Energy Healing: Some Considerations
Qigong energy healing can be used to heal oneself, and in the advance levels, to heal others through psychic or distant healing.
Most commercialized schools that offer qigong today are only interested in the profits they reap in. Some will indeed offer medical qigong and other types of basic knowledge, but many will charge exorbitant prices and pull in students attracted to the idea of “new age healing” or the “qigong for the ultimate experience!”
I have seen too many students who are too eager to pay hundreds or even thousands of dollars for a weekend qigong session, with the promise that they can do healing immediately after they finish the course.
If the instructor were honest enough, he/she might teach the real technique, but even with that knowledge, a beginner will not have sufficiently developed healing energy and the ability to control it.
Forget the weekend workshops and the DVD of ten or twenty lessons guaranteed to turn you into a master. There is no quick fix with qigong. It must be practiced regularly, with the commitment to incorporate it long term in one’s lifestyle. That is the essential difference between the traditional approach and the contemporary commercialized approach.
To transform the lifeforce energy that we call chi into healing energy is not something that can be done in a matter of days, weeks or even months. It takes years of patient and unrelenting practice and only the traditional training of committed regular practice can provide that.
Anyone who tells you differently is not following the principles of wude meant to uphold honesty and qigong integrity with the intention of causing no harm to people.
However, that is not to say that you won’t see healing take place in a matter of days or weeks when practicing qigong in the proper traditional manner.
When practiced properly, the exercises are meant to realign body posture; that itself can remove many imbalances in the body, thereby initiating preliminary healing in the practitioner. Developing the healing chi energy also activates the body’s defence system to begin detoxifying the body and healing itself.
On the other hand, to deliberately channel the chi energy to heal a specific injury or pain, either for oneself or for others, should not be done except at the advance levels when the healing energy and the yi consciousness are fully developed, and the qualified practitioner is specifically trained in energy healing.

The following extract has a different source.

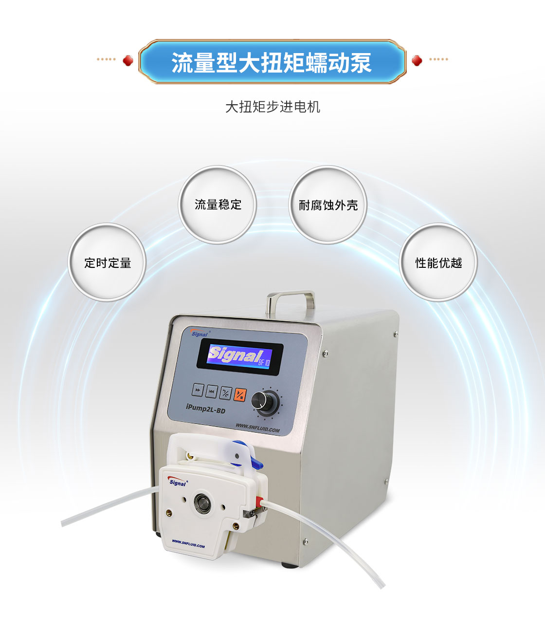 2.大扭矩步进电机驱动,适合多泵头串联使用;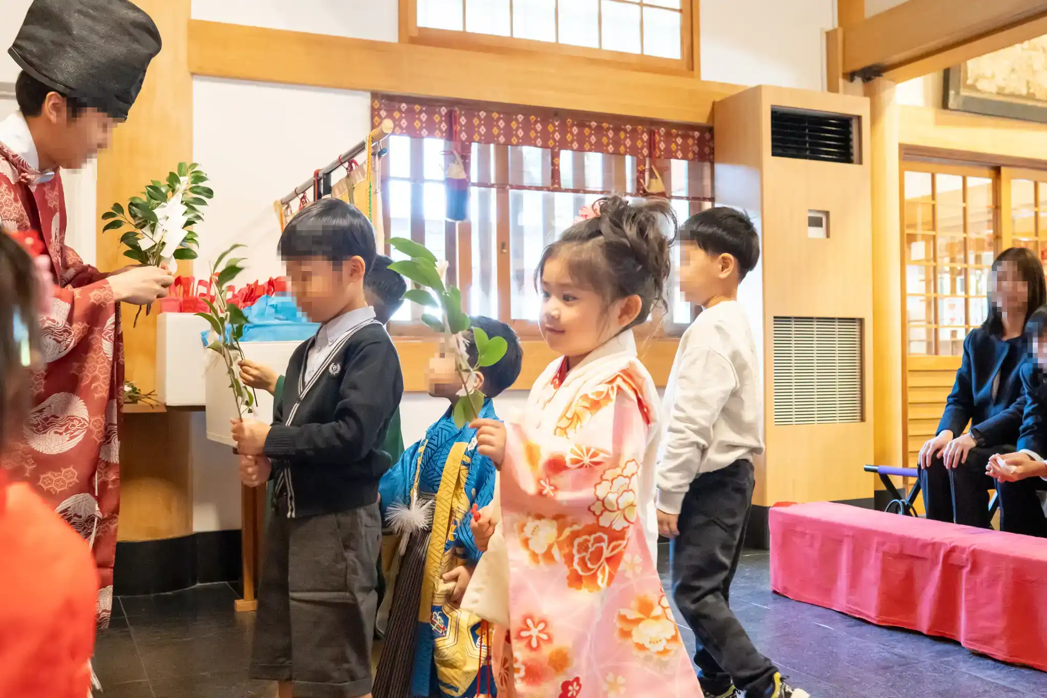やさしい色合いのピンクの被布がとてもよくお似合いで、晴れの日らしい華やかさが印象的でした。

Why is that, you might ask. Because of six important reasons:
First, when the chi is still young and undeveloped in the early stages, you can actually drain and even possibly injure it when you attempt to use it prematurely for energy healing. A beginner must first build a solid foundation to develop the healing energy.
How do you know when the chi is developed enough to be channeled for healing? The chi is collected in the dantian where it is generated and nurtured. At first, you might not feel anything there. Then slowly, as the energy begins to accumulate, you might feel a tingly or warm sensation. After a while, it will become hotter and more tangible, moving around as a separate live entity.
Once the chi becomes overwhelming and begins to flow out of the dantian, it begins the xiaozhoutian or so-called microcosmic orbit, which is a circulation of the energy along the major meridians from dantian to the back, up the vertebrae to the head and down the front, back to the dantian again, or other direction depending whether it is a Taoist or Buddhist practice that is utilized.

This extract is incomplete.